Saba Braised Lamb Shanks – A New Find and an Old Rule

This absolutely delicious saba braised lamb shanks recipe will hopefully serve two very important purposes. First, to expose anyone currently unexposed to the wonderful world of saba (seriously, Google it). This thick, sweet, syrupy substance is basically cooked-down wine must (grape juice plus seeds, skins, and stems). It’s very similar to aged balsamic vinegar, and although I’ve only recently discovered it, I consider it a “must” have.

The second part of the mission is to reinforce an old rule of thumb for braising meats, which goes something like, “Don’t stop cooking until it’s tender and awesome!!” Sounds simple, right? Yet, I get emails all the time saying my short rib, pot roast, or lamb shank recipes didn’t work because “the meat wasn’t tender.” Sorry, but that’s all you, Chef Took-it-out-because-the-timer-rang.

The only reason tough cuts of meat, like these lamb shanks, don’t get tender enough, is because people go by time instead of common-sense testing. In the video I say to roast, covered, at 200 F. for about 2 1/2 to 3 hours, before starting the final glazing step, but that’s just a guess. I don’t want you to stop when the timer rings, but only when the point of a knife goes into the meat easily.

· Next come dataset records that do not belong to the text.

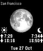 Moon Calendar Watch provides quick and easy access to Moon Phases and times of Sunrise, Sunset, Moonrise and Moonset. The app determines your GPS location and calculates the precise Moon and Sun data at your location. Click Up / Down for Moon and Sun data of the next day. Double click Down to play an animation of the Moon Phase Calendar to get a quick overview. This Pebble app can be used without connection to your phone. But you should run the phone app Moon Calendar Watch (Android or iPhone) once per week to update the Moon data on your watch.
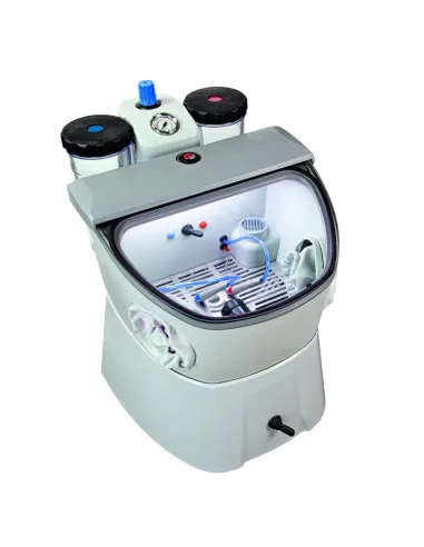 Cuenta con dos depósitos, dos pistolas móviles para microchorreado y una pistola estática de Ø3 mm. Gran depósito de arena.
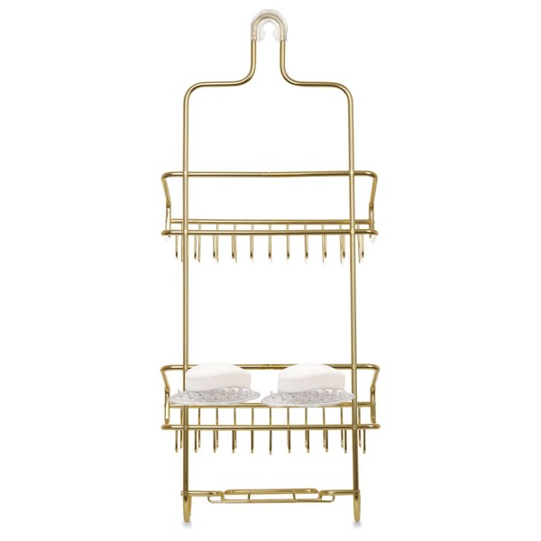 Better Houseware Shower Caddy - Shower Organizer Shelves with Hooks, Rustproof Shower Storage Rack for Shampoo, Conditioner, Soap, Bath Sponge - Gold (Caddy + Soap Holder)
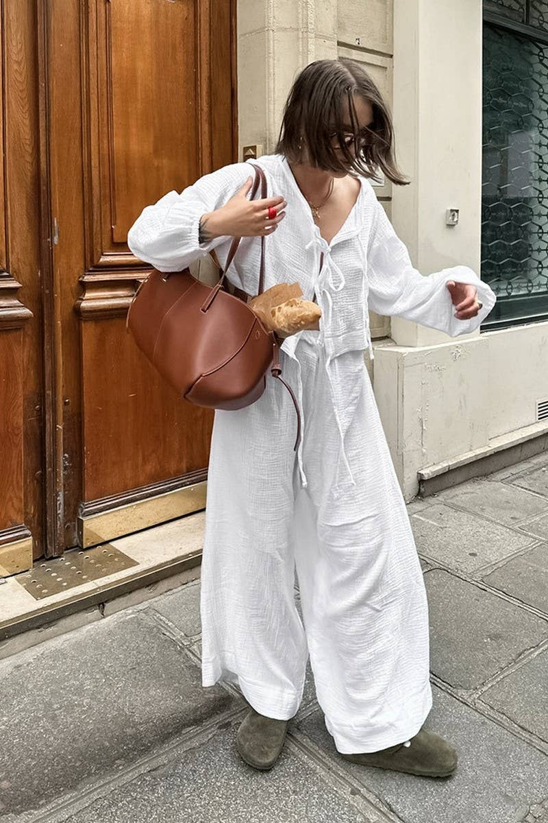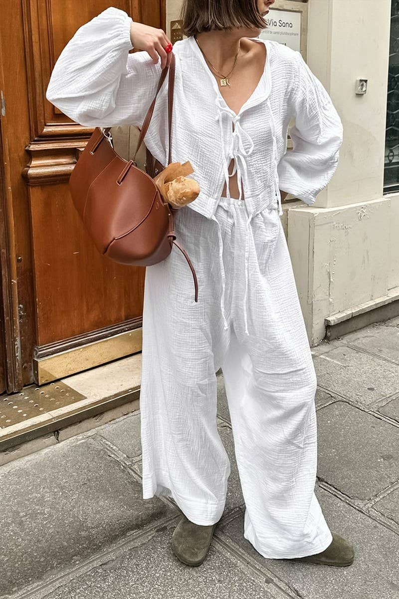 LOOSE LACE UP LONG SLEEVED PANTS PAJAMAS SET
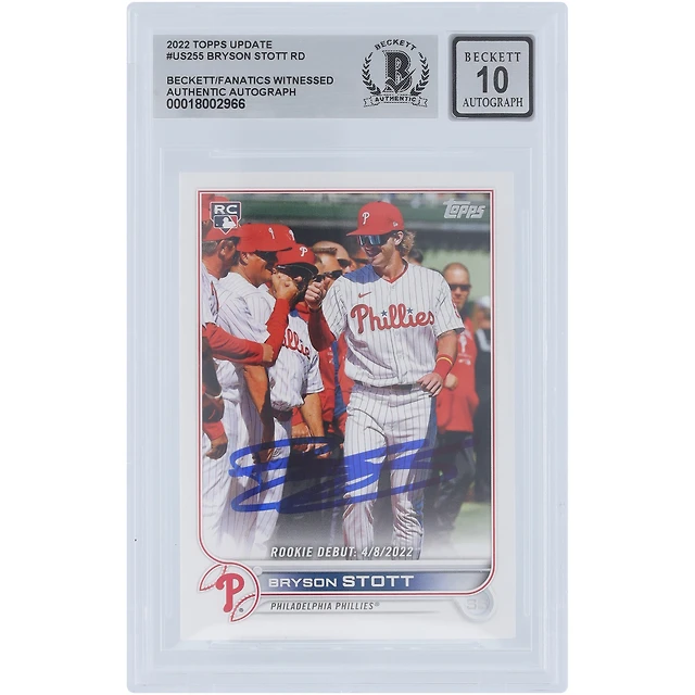 Carte de recrue autographiée 2022 Topps #US255 de Bryson Stott des Phillies de Philadelphie, carte de recrue authentifiée 10, vue par les fans de Beckett
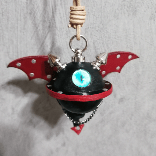 Leather Bag Charm – Fantasy Monster Eye / Demon Bell Keychain - Black
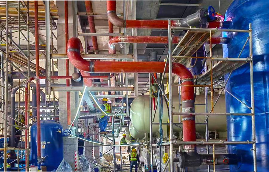 7月以來,項目部精心組織,細(xì)化項目施工任務(wù),抓住施工“黃金期”加快推進(jìn)項目建設(shè)。項目全體人員頂著高溫酷暑,堅守崗位,高標(biāo)準(zhǔn)、嚴(yán)要求,全力保障工程質(zhì)量和進(jìn)度,推動項目建設(shè)順利有序進(jìn)行。目前,項目1#玉米加工車間屋面蒸發(fā)冷設(shè)備安裝完成,管道安裝完成90%;壓縮機(jī)、桶泵機(jī)組設(shè)備完成安裝,管道安裝完成50%、速凍機(jī)組設(shè)備安裝完成40%;3#配送中心機(jī)房屋面蒸發(fā)冷安裝完成及管道安裝完成80%;4#冷鏈配送中心室內(nèi)設(shè)備及管道安裝完成90%。
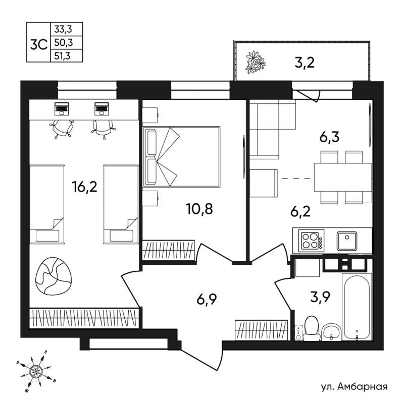 3-комн. квартира, 51.30 м², 4/9 этаж
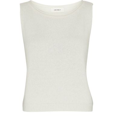 Introducing Lisa Yang's Devine knitted vest. This sleeveless piece features a round neck and regular length, adorned with an appliquéd logo and visible stitching. Perfect for layering over tanks & camisoles, it combines stylish flair with casual sophistication.
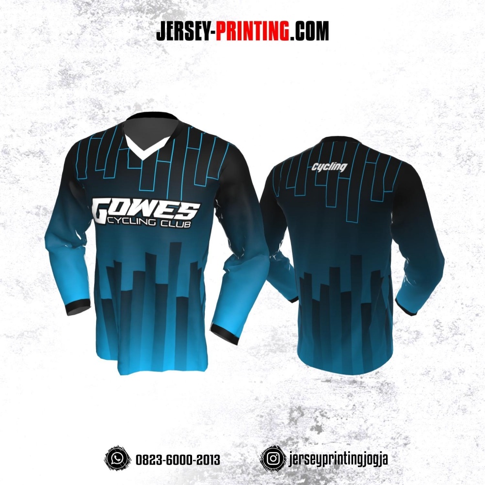 Jersey Gowes Sepeda Biru Hitam Garis Lengan Panjang
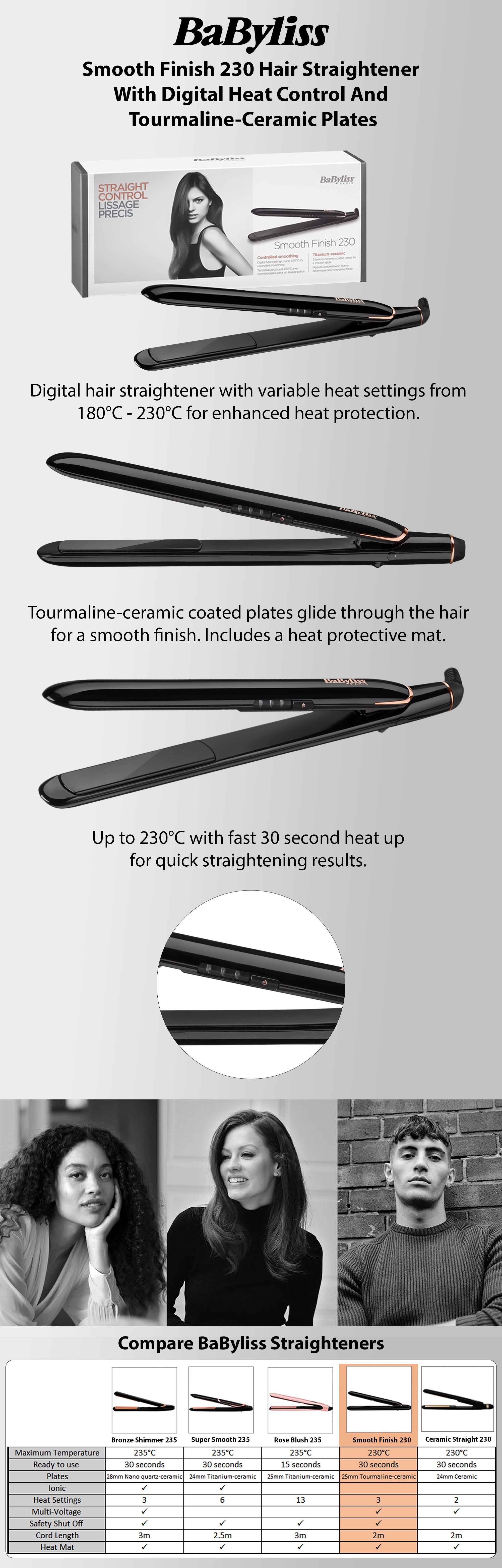 BaByliss ST250SDE Smooth Finish 230 Hair Straightener 25 Mm Ptc 3Temps Black Up To 230C Titanium Ceramic Heat Mat - ST250SDE. Fast Heat Up. Titanium-Ceramic Coated Plates, Auto Shut Off. 3 Digital Heat Settings 180C -230C, Multi-Voltage. 2M Swivel Cord. Heat Mat. The BaByliss Smooth Finish 230 Hair Straightener ST250SDE is a high-quality hair straightener that delivers salon-like results.
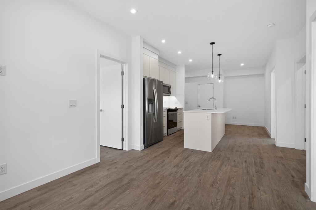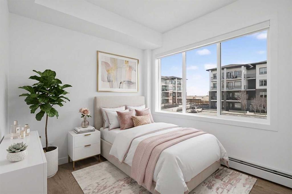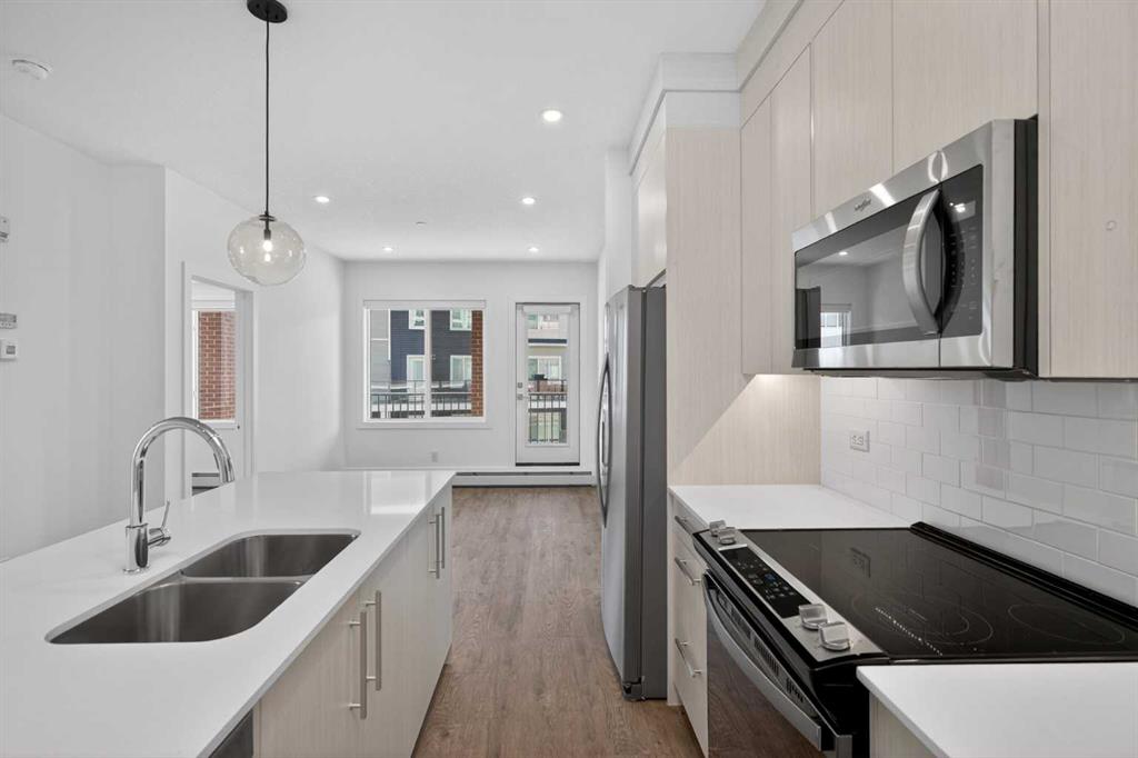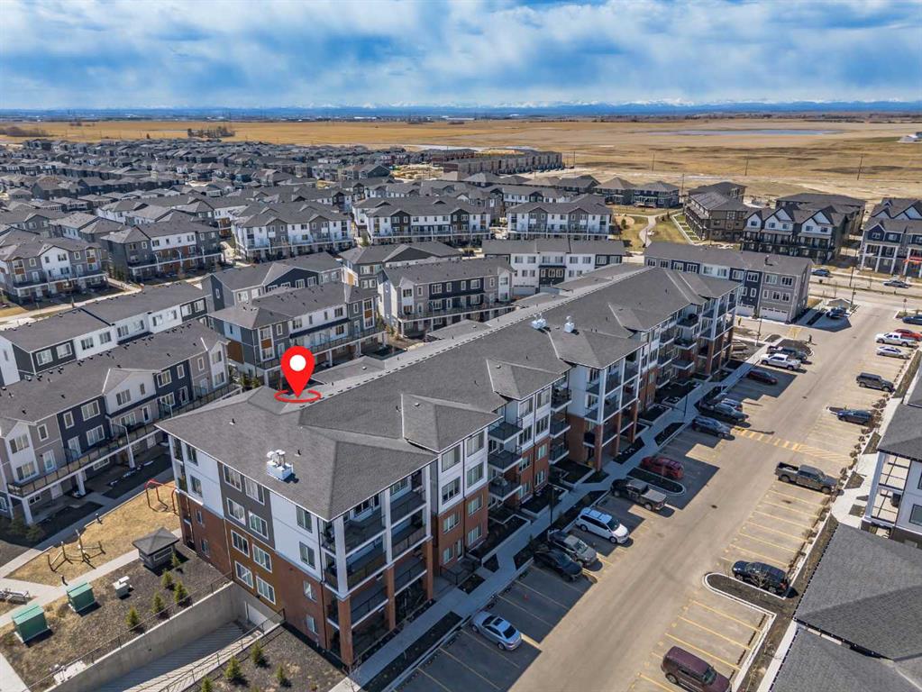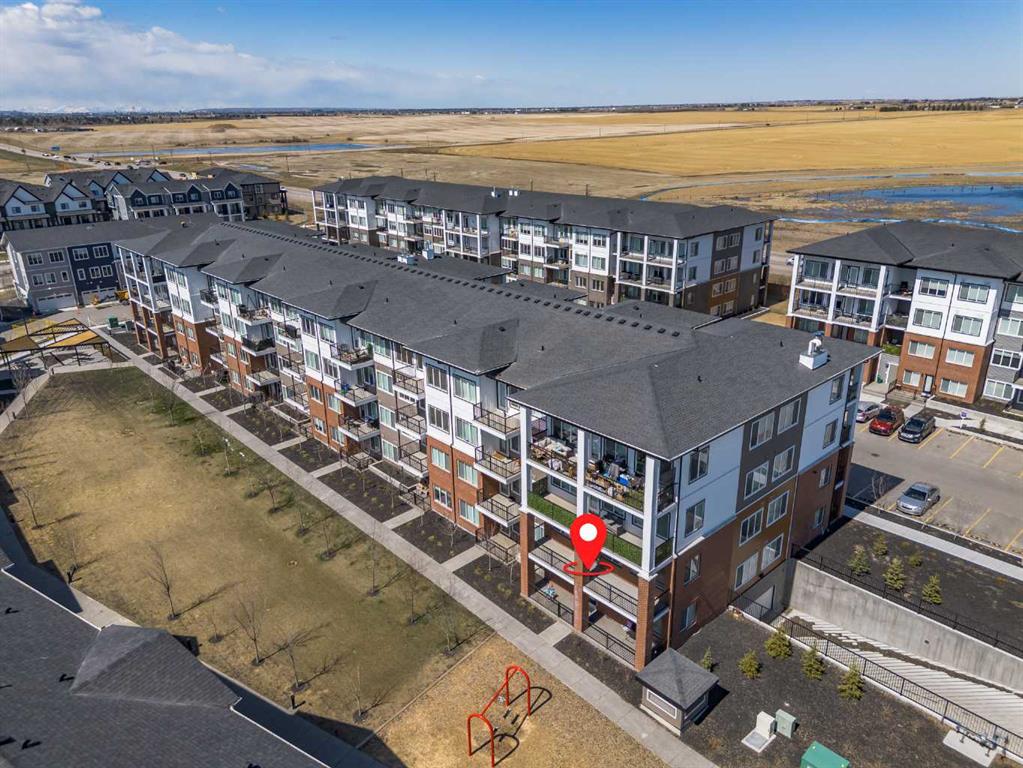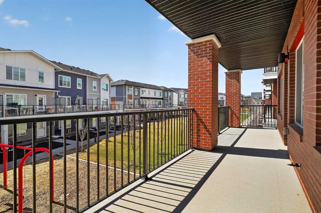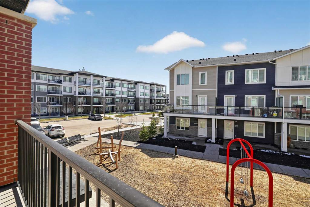 Three bedrooms, two full bathrooms, and two titled parking stalls are getting harder to find in newer condos. Welcome to Unit 3201 in Lockwood, located in Chelsea on the west edge of Chestermere, just minutes from Calgary. This unit stands out with a nearly 30 foot south facing balcony overlooking greenspace and a playground, giving you both light and privacy. Inside, the kitchen is sharp and functional with quartz countertops, a large island with breakfast bar, full height cabinetry, and stainless steel appliances. The layout works. A comfortable living area, a dedicated workspace, and smart separation between bedrooms that suits a small family, roommates, or a home office setup. The building adds real value with a top floor gym and access to a resident lounge in a neighbouring building. Chelsea is a fast growing community with planned schools, pathways, parks, and easy access to 17 Avenue and Stoney Trail, making the commute into Calgary simple. If you are trying to find space, functionality, and future upside without stretching your budget, this is one worth a look.
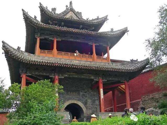 入顯通寺前,首先出現(xiàn)在眼前的是一座下層為石券洞,上兩層為木構(gòu)建筑的高大鐘樓,石洞的門楣上,刻有四個(gè)遒勁的大字:“震悟大千”。顧名思義,是說渾厚悠長(zhǎng)的鐘聲,能把大千世界震得醒悟過來。
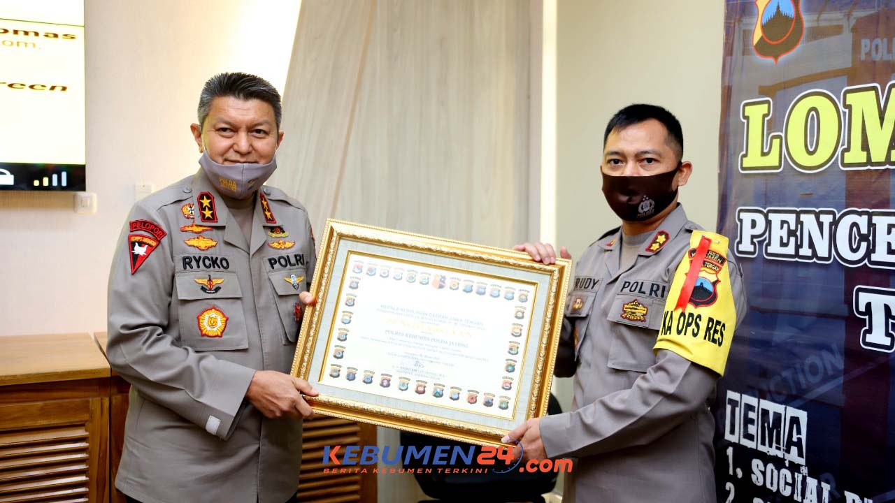Penghargaan iotu diberikan langsung oleh Kapolda Jateng kepada Kapolres Kebumen AKBP Rudy Cahya Kurniawan di Gedung Mapolda Jateng Semarang, Rabu (6/5).
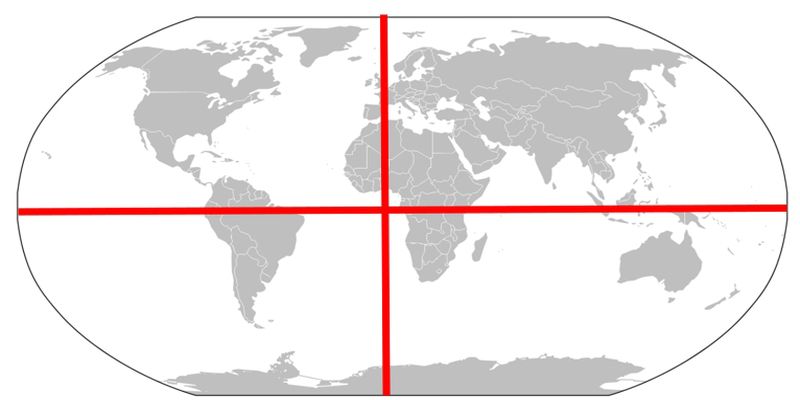 World map labeled equator and prime meridian
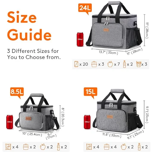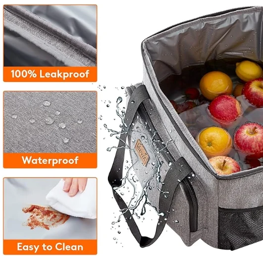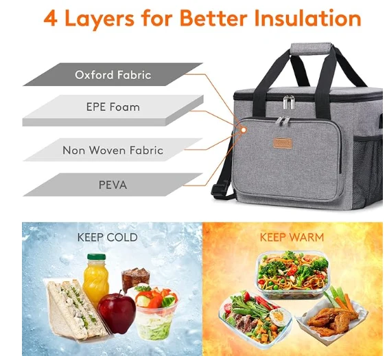 বৃহত্তর ক্ষমতা: মাত্রা - 13.8 "(35 সেমি) × 11" (28 সেমি) × 11 "(28 সেমি)। প্রাপ্তবয়স্কদের জন্য লাঞ্চবক্সের সর্বাধিক ক্ষমতা 24 এল, এবং স্যান্ডউইচ, সালাদ, পানীয়, পানীয় এবং ফ্রুটগুলির জন্য আপনার মধ্যাহ্নভোজ যেমন 40 ক্যান (330 এমএল), বা আপনার মধ্যাহ্নভোজনের জন্য সংরক্ষণের জন্য যথেষ্ট প্রশস্ত।
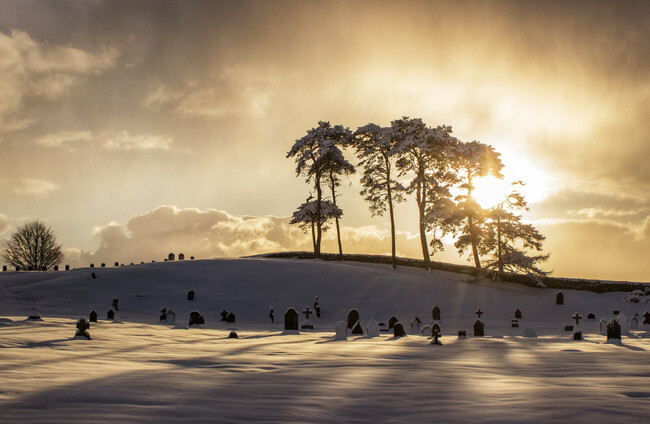 Sunrise at the Curragh, titled "A Snowy Sunrise". Susan Coffey

Remember, a lamb shank cooked 30 minutes too long is still a succulent and delicious thing. The same cut cooked 30 minutes shy? A chewy disappointment. Not to mention all that dental floss you’re going to waste. So, now that there’s no way your lamb isn’t going to come out all moist and tender, the only thing left to do is find yourself some saba, and give this great winter dish a try soon. Enjoy!


Ingredients for 4 portions:
(I used a 9x12-inch dish)
4 lamb shanks
2 tbsp olive oil
2 tsp kosher salt
1 tsp freshly ground black pepper   
1 tsp smoked paprika
1 tsp cinnamon
1/2 tsp dried rosemary
1 large onion, sliced
6 cloves garlic, peeled, slightly crushed
1 cup chicken broth
1/3 cup saba or aged balsamic vinegar
1/2 tsp freshly chopped rosemary to finish sauce
- Roast 30 min at 450 F. uncovered
- Add liquid and roast covered at 200 F. about 3 hours, or until knife tender
- Uncover, roast at 350 about 20-30 minutes, or until very tender and glazed. Turn in sauce several times during this final step.
- Strain and reduce sauce
*Note: 3 hour braising time will vary depending on size of shanks.

33 comments:

Grams Pam said...

No lamb in the house, but was given some Saba for Christmas! (Right, I had no idea what it was, thought it was some kind of Port or something ... lol) We're having terrible winter storms here so not going to the store! I used some grass-fed beef tonight, made a couple of adjustments since it's beef, not lamb, and got it all prepped. All I have to do in the morning is pull it from the fridge and put it in the slow-cooker while I'm at work. Will finish it off in the oven and do the reduction while unwinding from what is sure to be another 25mph on the freeway, white-knuckle drive home. Thanks for a timely recipe for my Christmas gift.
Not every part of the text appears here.